Zoekresultaten 1-10 van de 182 resultaten

  • ECLI:NL:TGZRZWO:2023:122 Regionaal Tuchtcollege voor de Gezondheidszorg Zwolle Z2021/3502

    Gegronde klacht tegen cosmetisch arts. Na intrekking van de klacht door patiënte heeft het college bepaald dat de behandeling van de klacht in het algemeen belang moet worden voortgezet. Voor het vervolg van de zaak is de inspectie als klager aangemerkt. De arts is eigenaar van en werkzaam in een cosmetische kliniek. Hij heeft bij patiënte een onderooglidcorrectie verricht. Daarbij is een complicatie opgetreden, na de operatie is beiderzijds een ectropion ontstaan.
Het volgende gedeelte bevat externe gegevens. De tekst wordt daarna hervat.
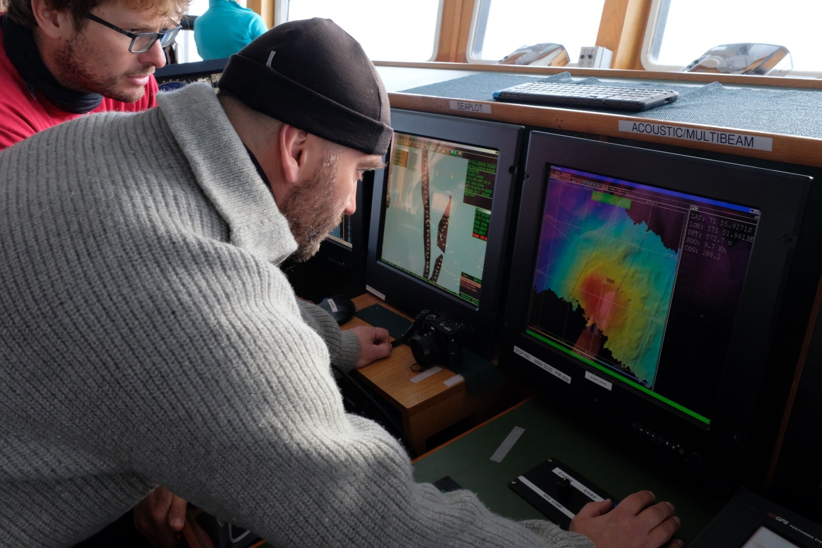 Arne Pallentin and Yoann Ladroit, both of NIWA, planning the next multibeam lines to take.

De arts heeft vervolgens tweemaal een hersteloperatie verricht en patiënte uiteindelijk verwezen naar een plastisch chirurg. De inspectie is van mening dat de arts bij het uitvoeren van de ooglidcorrectie in diverse opzichten tekortgeschoten is. Zo is patiënte onvoldoende geïnformeerd, is de schriftelijke verslaglegging ondermaats, is de arts bij de operaties niet gebleven binnen de grenzen van zijn kennen en kunnen en heeft hij geen professioneel gedrag vertoont bij de bejegening van patiënte. Het college verklaart alle klachtonderdelen gegrond en legt de arts de maatregel van een geheel voorwaardelijke schorsing van een jaar op, met een proeftijd van twee jaar.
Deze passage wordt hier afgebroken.